И, переводя с немецкого без единой запинки, он прочитал:
— «Война, столь всеми прославляемая, ведется дармоедами, сводниками, ворами, убийцами, невежественными грубиянами, неоплатными должниками и тому подобными подонками общества, а отнюдь не просвещенными философами…»
С победной улыбкой он взглянул на Постникова.
— И это вас утешает? — негромко спросил тот.
— Еще бы! Кстати, Эразм был немцем, и он к тому же написал: «Вспомните чванство громкими именами и почетными прозвищами. Вспомните божеские почести, воздаваемые ничтожным людишкам, и торжественные обряды, которыми сопричислялись к богам гнуснейшие тираны».
— Я сейчас убил Жовтяка, — помимо своей воли произнес Постников. — Не более часа тому назад.
И для чего-то показал Ганичеву тяжелый жовтяковский пистолет.

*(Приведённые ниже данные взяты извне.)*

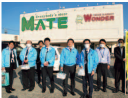
瑞浪支部 メイトにて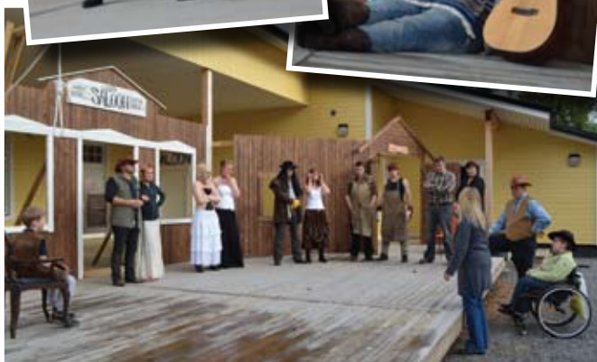
Fartfylld can-can utlovas!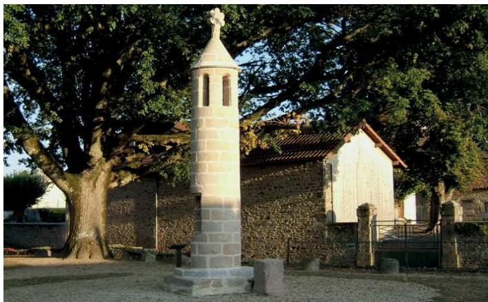
La lanterne des morts de Rancon

Il a été identifié 23 arbres (conifères et feuillus), 12 arbustes, 16 plantes soit 51 végétaux différents. Ceux-ci sont présentés par des petits panneaux tout le long du sentier. Un petit guide est disponible à la mairie de Rancon. De plus un QR code se trouvant sur ces panneaux permet d'avoir accès directement, à partir de son téléphone mobile, à la fiche spécifique de chaque végétal. Quatre panneaux d'interprétation des milieux forestiers ont aussi été mis en place pour approfondir les connaissances sur les arbres et la forêt en France.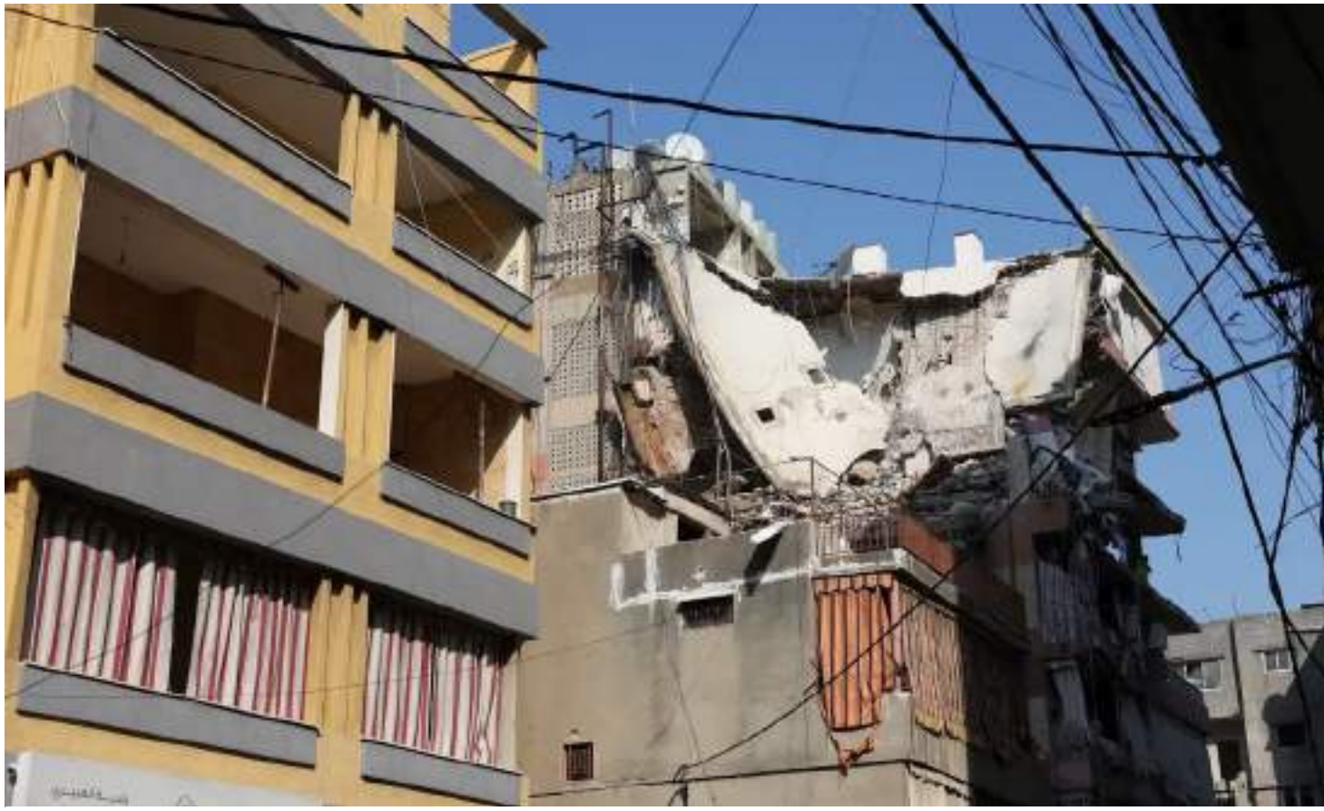
Ministério da Saúde do Líbano divulgou um número inicial de seis mortos e 15 feridos no ataque em Beirute

"A situação exige ação contínua e intensa em todas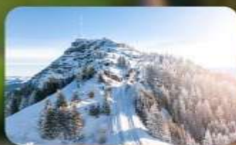
พิชิต 3 ยอดเขาคิง Rigi / Schilthorn / Gornergrat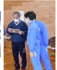
自分の演技を確認中→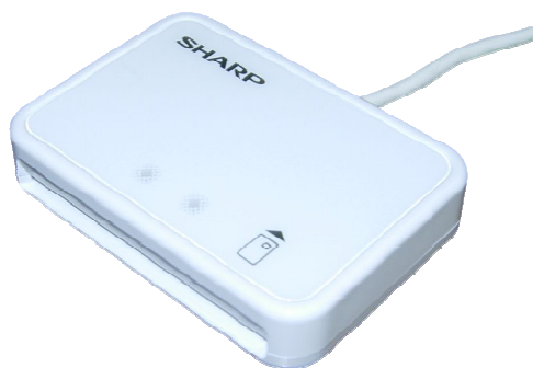
シャープ製：RW-5100 対応：Windows8.1まで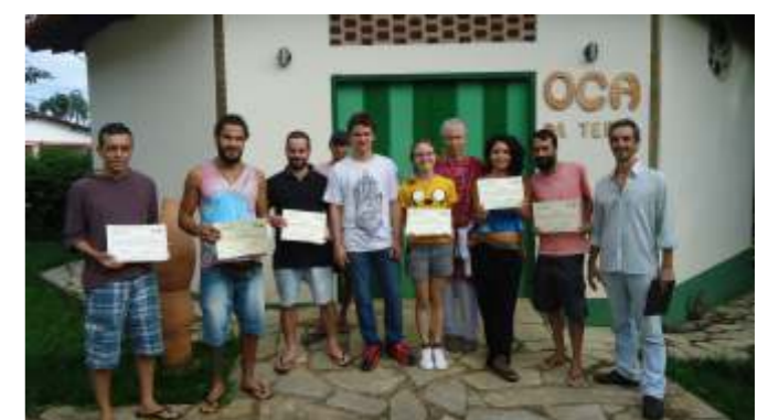
Turma do curso de capacitação de monitores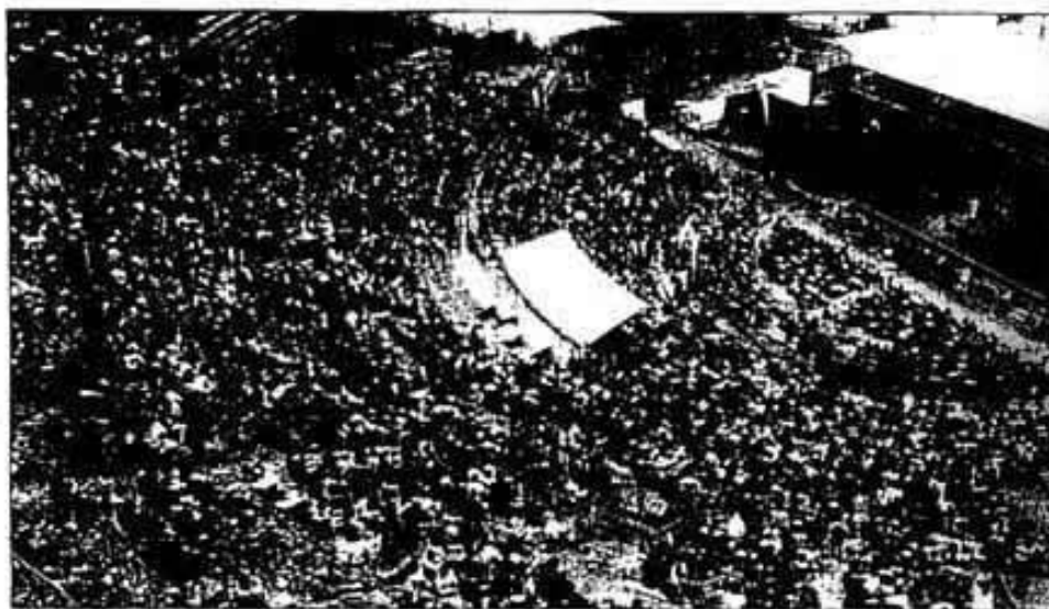
Une vue imprenable sur le théâtre antique...

Tout commence il y a 20 ans. G. R. habite Lyon et cherche une maison à la campagne. Il aime les vieilles pierres et plus la demeure sera ancienne, plus son bonheur sera grand. Contacts pris, un marchand de bien viennois l'appelle : «J'ai trouvé quelque chose pour vous. Une vieille maison située à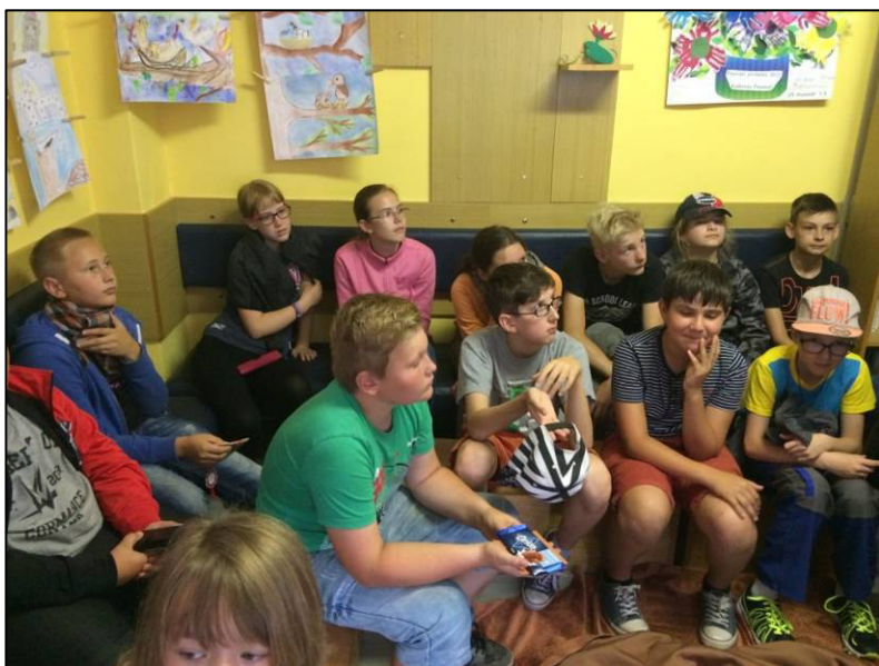
▲ Knihovna byla plná čtenářů, kteří pozorně poslouchali povídání svých druhů o hrdinech, kteří je zaujali.

Žáci si zapisovali knihy od října do konce května. Velký dík patří všem

Федор Владимирович положил книгу на груду тряпья, которым был укрыт поверх одеяла, зябко поежился, вздохнул, потом спросил:
— Вы — сами?
— Сам. Застрелил. Этими руками.
— Подумать только, — вновь загадочно улыбаясь, произнес Ганичев. Этими руками, которые делали только добро. Столько лет добра…
— А разве то, что я убил Жовтяка, — зло? — тихо осведомился Постников, и молочно-ледяные глаза его впились в Ганичева. — Вы все еще продолжаете быть нравственным вегетарианцем? Я ведь его убил, кстати, и за наши с вами грехи тоже. Столько лет мы знали, что он подлец, и мирились с этим. Я к тому же еще верой и правдой служил ему. Помните, как ругался с нами Пров Яковлевич Полунин из-за Жовтяка и как мы — я из страха, а вы по душевной вялости — пальцем не шевельнули для того, чтобы покончить с этим негодяем…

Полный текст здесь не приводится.